Through the page ing mechanism above, the ing between executable files and virtual address spaces, and the ing between virtual address spaces and physical spaces are determined.

 

There is a question: as mentioned in the previous article about static links, the virtual addresses of each segment in the executable file after links have been allocated. That is to say, the program header table used to establish the ing relationship in the second step discussed here is already created at the link. I don't know. Many of the things discussed above are actually linked things, rather than loading things.

 

Finally, we will summarize the loading process of the Linux kernel ELF file:

  • Check the validity of the elf executable file, such as magic, the number of middle sections in the program header table.
  • Find the ". interp" segment of the Dynamic Link and set the path of the dynamic linker (related to the dynamic link ).
  • Map elf files, such as code, data, and read-only data, based on the description of the program header table of the elf executable file.
  • Initialize the elf process environment. For example, when a process is started, the address of the edX register should be the address of dt_fini (related to dynamic links)
  • Change the return address of the System Call to the entry of the elf executable file.
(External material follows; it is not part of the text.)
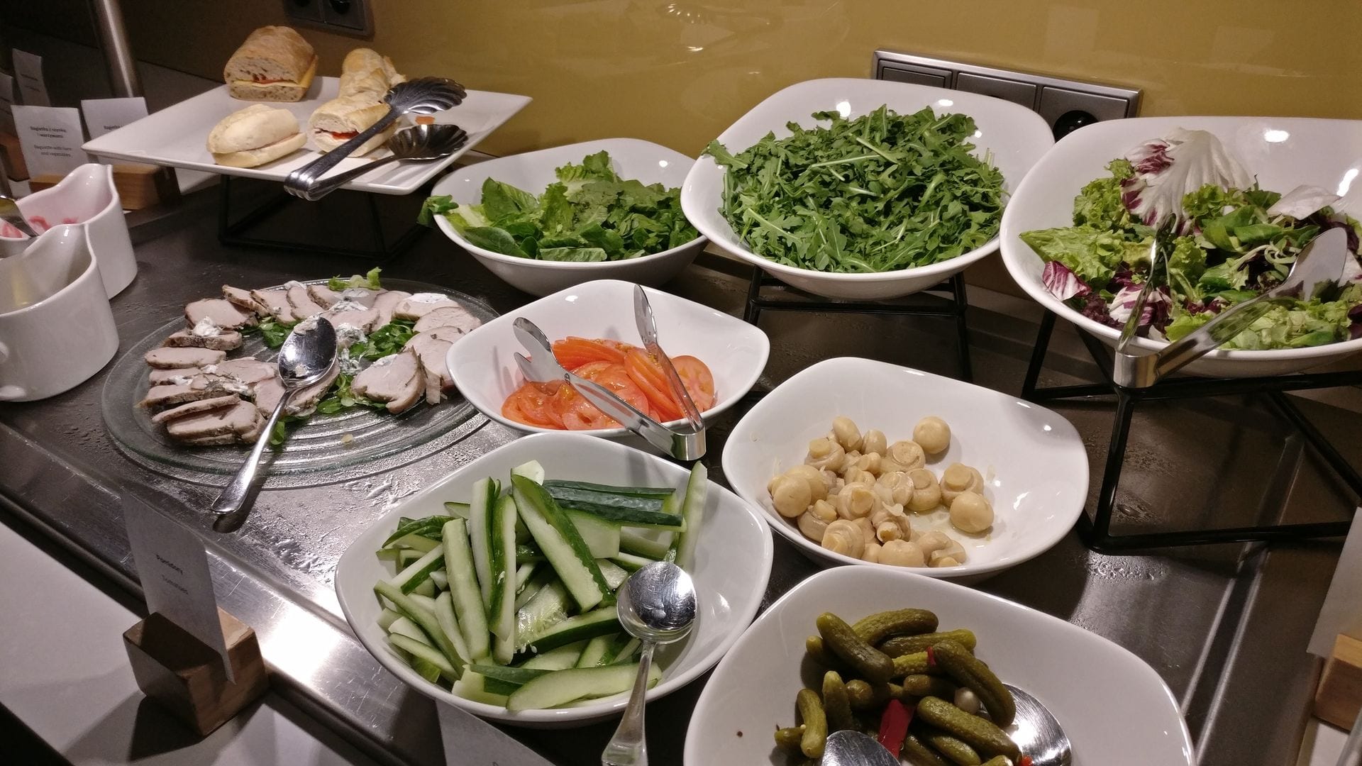 Ab 17 Uhr beginnt dann bereits das Abendessen mit zwei warmen Gerichten, Sandwiches und einer Salatauswahl.
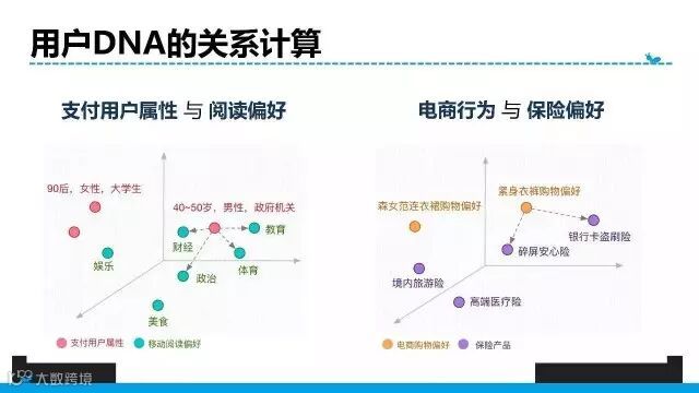 比如资讯阅读能否支付消费,每一个人各个维度都有一个综合的理解。开发一些基于深度学习的技术,蚂蚁DNA,就是一个编码技术。其实很简单,做一个embedding,然后把这个用户实体包括产品,文本和外面的article,我们做一个统一空间里embedding,转来转去有很多点。然后,把这个人在这个点里边直接表达出来。它的好处,比如说加密,如果你只看着点,你是不知道什么意思,但是很多合作方,比如说,我们保险公司合作,把这个用户的数据加密,非常关键的一个问题。

The entry point depends on the program connection method. For the executable file of the static link, this program entry is the address indicated by e_entry in the file header of the ELF File. For dynamic elf executable files, the program entry point is a dynamic linker. The new program starts to run, and the elf executable file is loaded completely.
  • When a new program starts running, a new physical page is assigned whenever a page missing error occurs (it can be understood that a physical page is not associated with the actual physical page for a virtual page, resulting in a page missing error, read the missing page content (the corresponding content of the ELF File) from the disk to the memory, and set the ing between the virtual page and the physical page, and start from the virtual address of the missing page.

 

 



Contact Us

The content source of this page is from Internet, which doesn't represent Alibaba Cloud's opinion; products and services mentioned on that page don't have any relationship with Alibaba Cloud. If the content of the page makes you feel confusing, please write us an email, we will handle the problem within 5 days after receiving your email.

If you find any instances of plagiarism from the community, please send an email to: info-contact@alibabacloud.com and provide relevant evidence. A staff member will contact you within 5 working days.

A Free Trial That Lets You Build Big!

Start building with 50+ products and up to 12 months usage for Elastic Compute Service

  • Sales Support

    1 on 1 presale consultation

  • After-Sales Support

    24/7 Technical Support 6 Free Tickets per Quarter Faster Response

  • Alibaba Cloud offers highly flexible support services tailored to meet your exact needs.